## EXERCISE REQUIREMENTS
The line containing "Krásné, romantické šaty" marks the end: copy exactly every line from the start of the records below up to and including it, leaving out pictures.

────────────────────

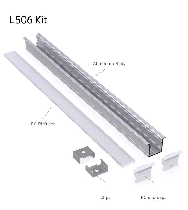 Profil en aluminium + couverture PC + capuchons d'extrémité + clips
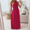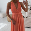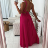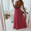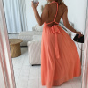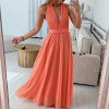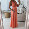 Krásné, romantické šaty dlouhého střihu s variabilním vázáním, které lze uvázat až na 10 způsobů. Materiál v prsou šatů je plisovaný. Šaty mají podšívku. V pase je guma, která hezky pruží. Barva je lososová, korálová, fuchsiová a béžová. Velikost je univerzální, sedí od XS až po menší L. Foceno je na velikosti XS a výšce 165 cm.
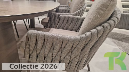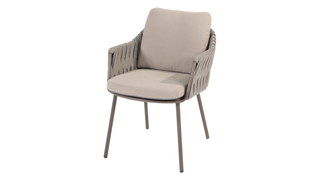 Elegant und modern: Die Gartenmöbelserie Cannes von Taste by 4 Seasons Outdoor verleiht jedem Außenbereich eine raffinierte und ruhige Atmosphäre. Das dezente, erdfarbene, pulverbeschichtete Aluminiumgestell bildet einen wunderschönen Kontrast zum sanften, grauen Seilmuster, das kunstvoll um den Stuhl gewebt ist. Die großzügigen Olefin-Kissen in Hellgrau bieten nicht nur höchsten Sitzkomfort, sondern sind auch wetterfest.
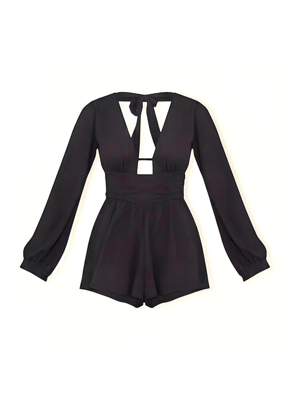 Black Long Sleeve Tie-Back V-Neck Playsuit
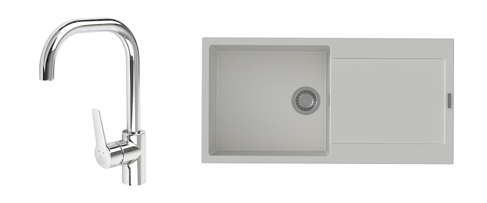 StrongSinks S3 Set drez Zala 1000 1000x500mm granit biely + Baterie Garonne chr.
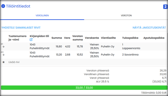 - Siirry laskun Tiliöintiedot-osioon ja tiliöi lasku.
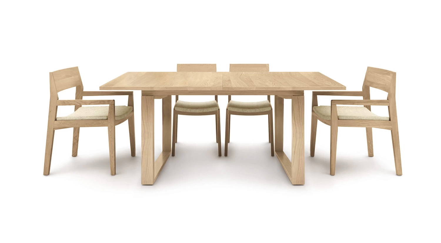The Iso Extension Top Dining Table from Copeland Furniture, made in Vermont from solid oak hardwood, incorporate self-equalizing, ball bearing extension glides and a single self-storing butterfly leaf for single handed operation.
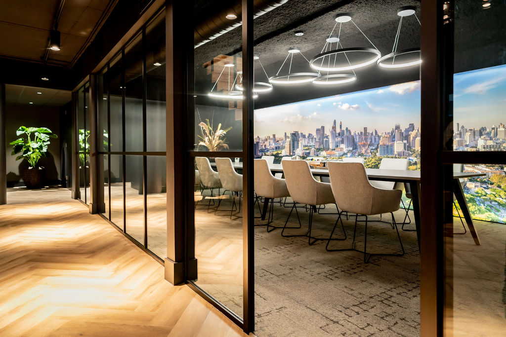 Het kantoor is open en licht, met plek voor overleg, één-op-één gesprekken in akoestische zitbanken of brainstorms aan de hoge bartafel. Het souterrain biedt een multifunctionele ruimte: vergaderingen met uitzicht op de skyline van Bangkok, ontspanning of een gezellige borrel in de keuken.
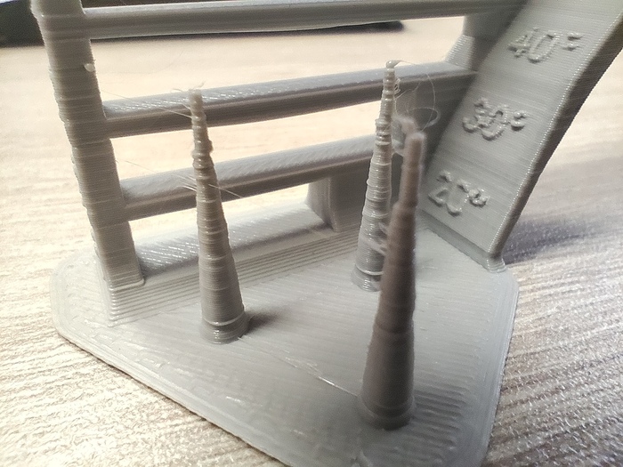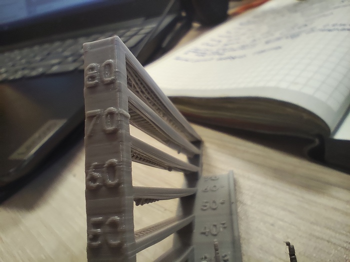 Несколько лет назад купил принтер и почти не пользовался. Решил сдуть пыль и вот результат тестовой печати. Что с ним не так, ну и с настройками? Очень пугают "съезжающие" слои возле "70", ну и пирамидки совсем плохи.

────────────────────

## YOUR RESPONSE
 Profil en aluminium + couverture PC + capuchons d'extrémité + clips
 Krásné, romantické šaty dlouhého střihu s variabilním vázáním, které lze uvázat až na 10 způsobů. Materiál v prsou šatů je plisovaný. Šaty mají podšívku. V pase je guma, která hezky pruží. Barva je lososová, korálová, fuchsiová a béžová. Velikost je univerzální, sedí od XS až po menší L. Foceno je na velikosti XS a výšce 165 cm.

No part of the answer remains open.